▼▼▼

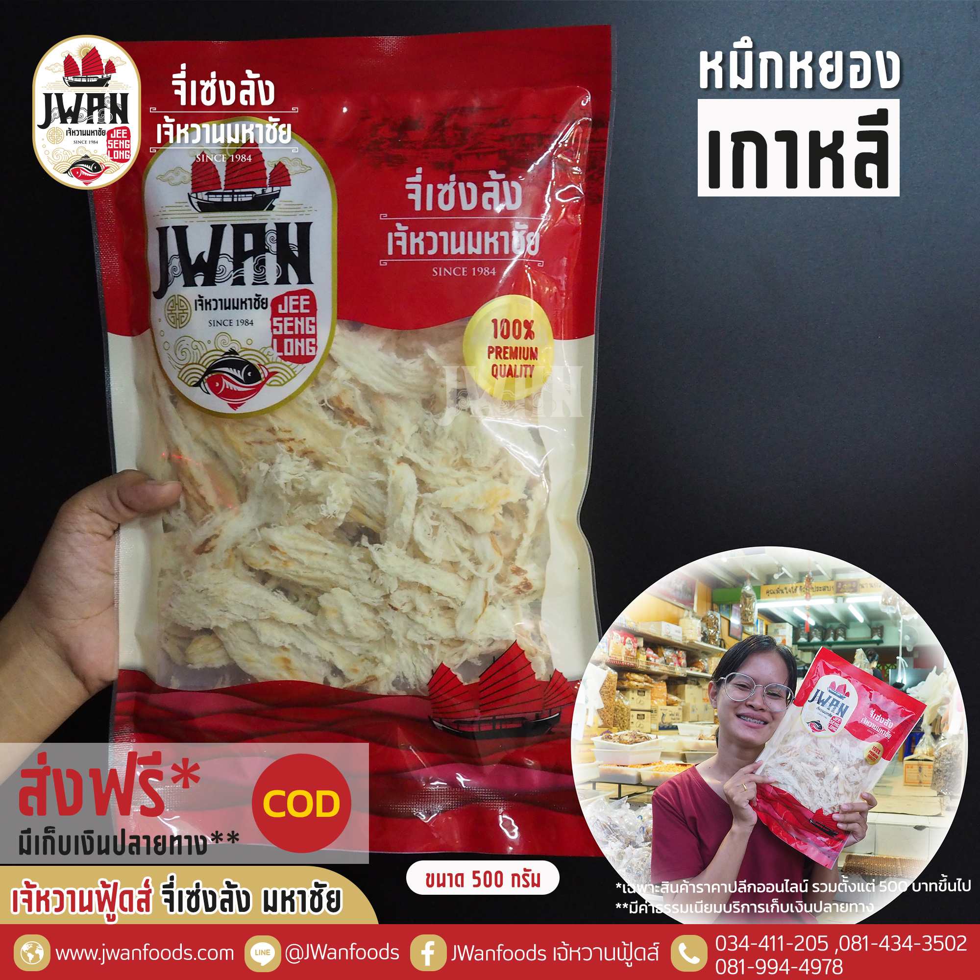 เนื้อหมึกชิ้นใหญ่เต็มคำ ปรุงรสไม่จัดจ้าน สัมผัสรสหวานของหมึกที่ไม่ได้ปรุงแต่ง จนเสียความหวานของหมึกธรรมชาติเนื้อนุ่ม ไม่เหนียว เด็กชอบทาน จะทานเป็นของว่างหรือทานกับข้าวต้มก็อร่อยไม่แพ้กัน
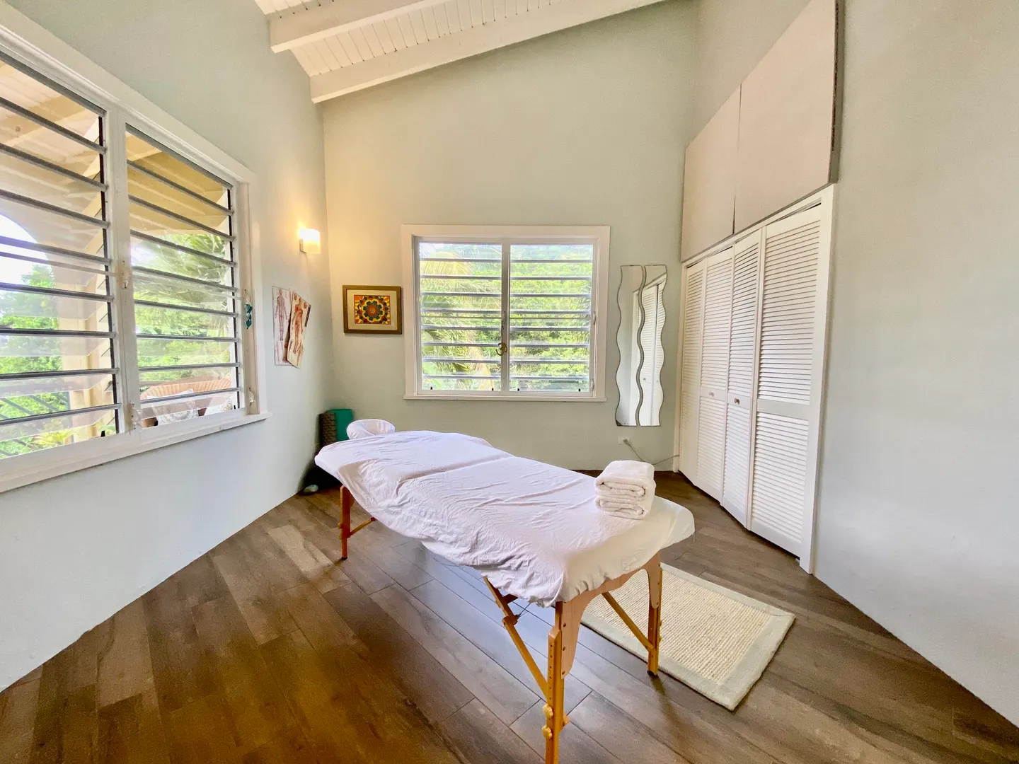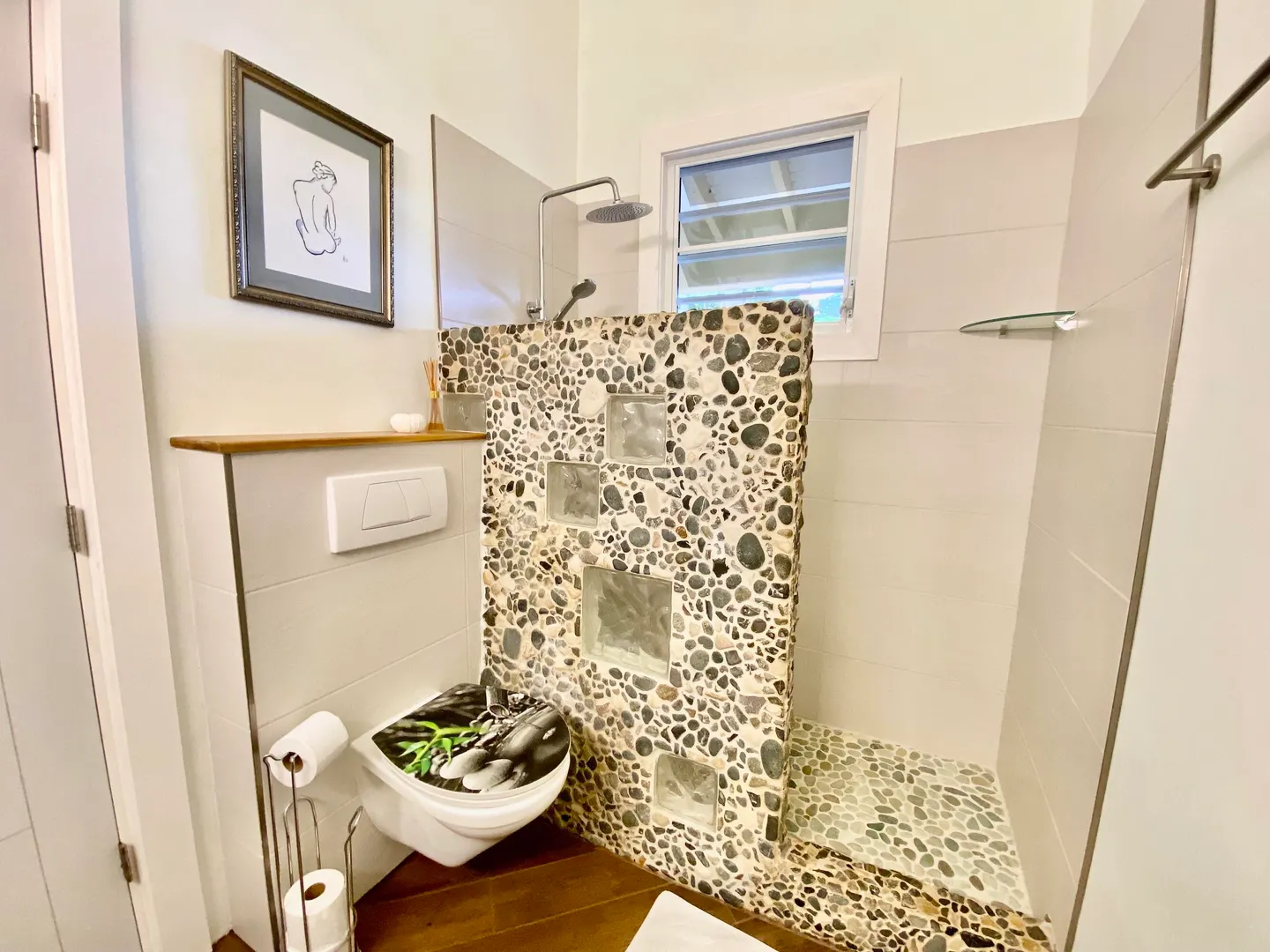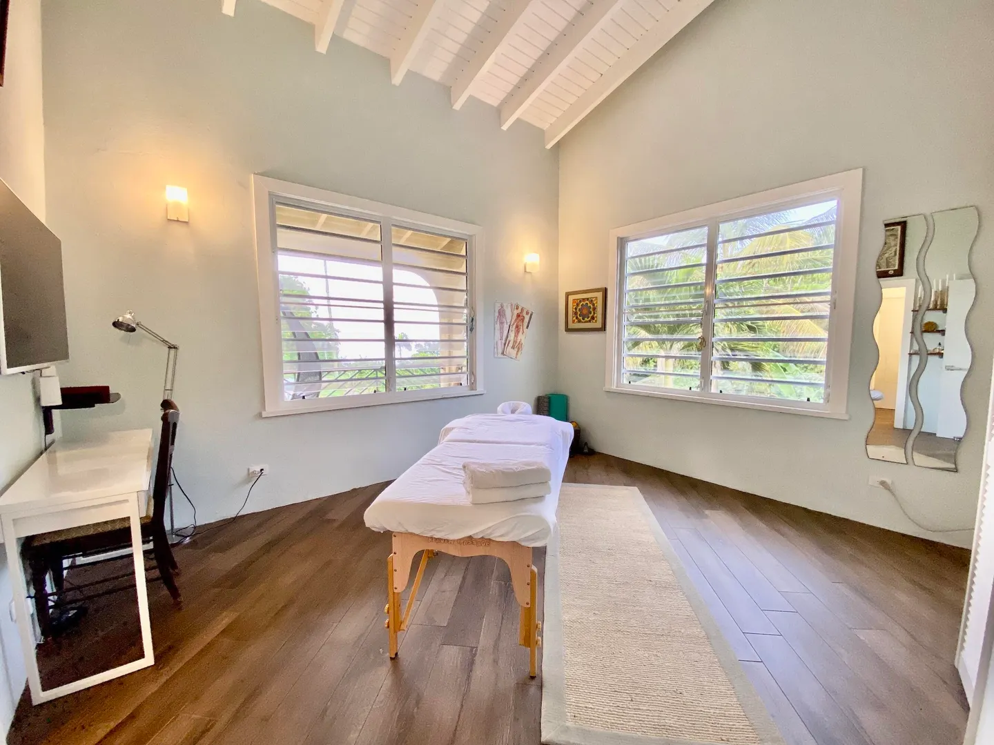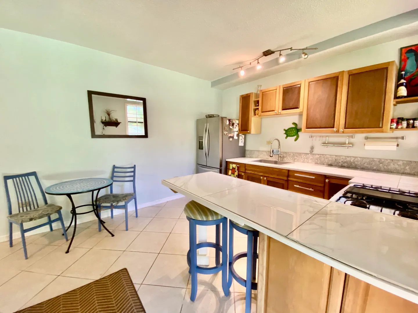This house is located on the tropical, lush north side of St. Thomas surrounded by various fruit trees, flat green yard space and a serene outdoor dining area. This well-built concrete house offers 4 bedrooms and 3 bathrooms with an office upstairs and a mother-in-law suite below. There is also a 2 bedroom/1.5 bathroom apartment below for rental income or guests. The main house and the mother-in-law suite are connected to solar and has net metering. The house is set up to add more panels so you can include the apartment. Two 30K gallon cisterns hold more than enough water for a full house!
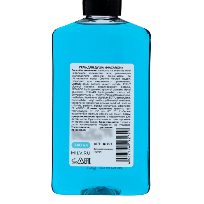 Гель для душа Milv "MACARON", 340 мл
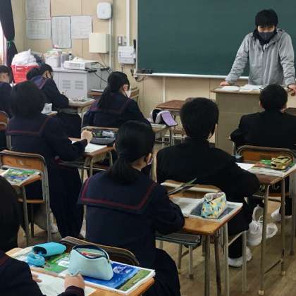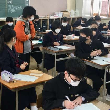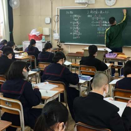 1年生の授業の様子です。1組は英語、2組は社会、3組は数学を学習しています。
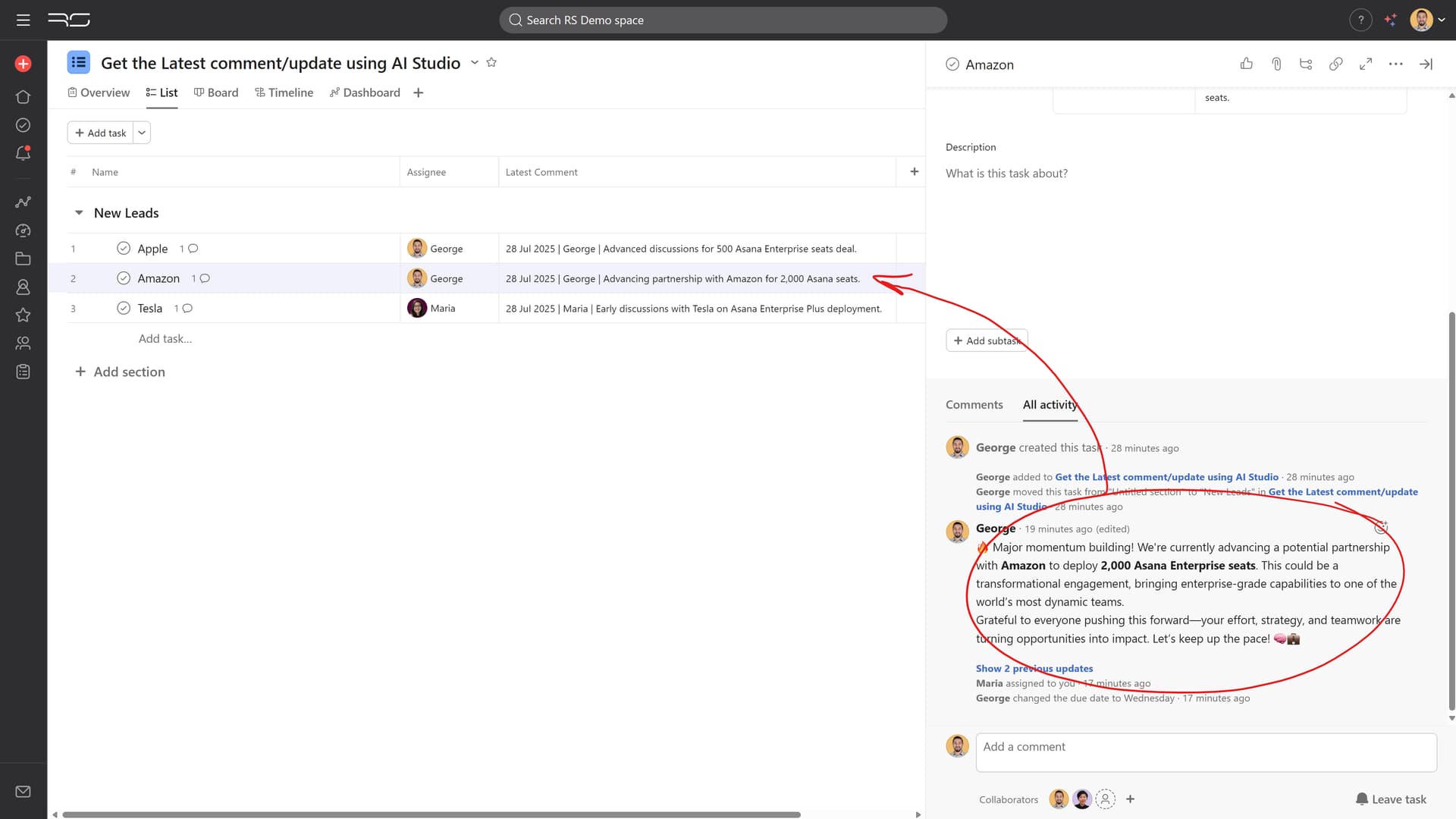Here are some more examples of comments within a task and the resulting summary that is surfaced in the list view, using AI Studio:
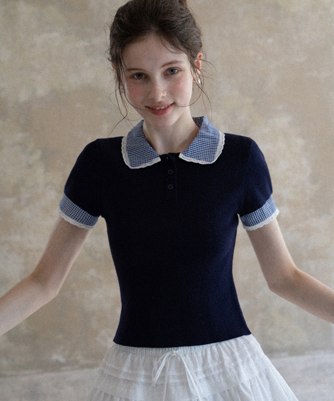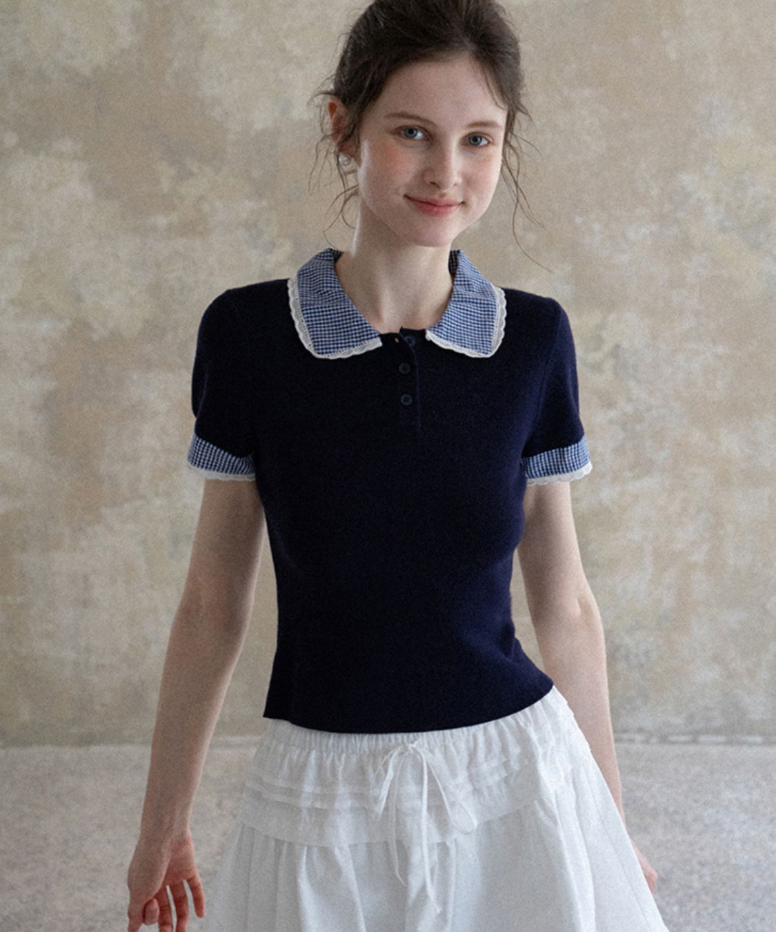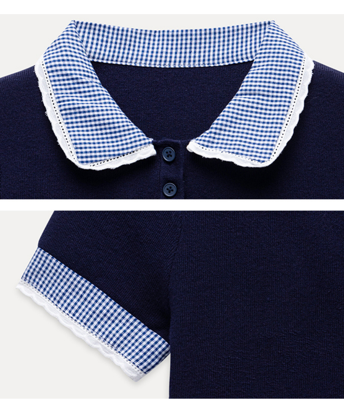 襟と袖のチェックがアクセントになってて、一枚でおしゃれに決まる!フィット感も◎でスタイル良く見えます

▲▲▲

Work order:
Your answer must be exactly the lines from the one with "1年生の授業の様子です。1組は英語、2組は社会、3組は数学を学習しています。" through the final line of the data, with no pictures in it.

Problem solution:
 1年生の授業の様子です。1組は英語、2組は社会、3組は数学を学習しています。
Here are some more examples of comments within a task and the resulting summary that is surfaced in the list view, using AI Studio:
 襟と袖のチェックがアクセントになってて、一枚でおしゃれに決まる!フィット感も◎でスタイル良く見えます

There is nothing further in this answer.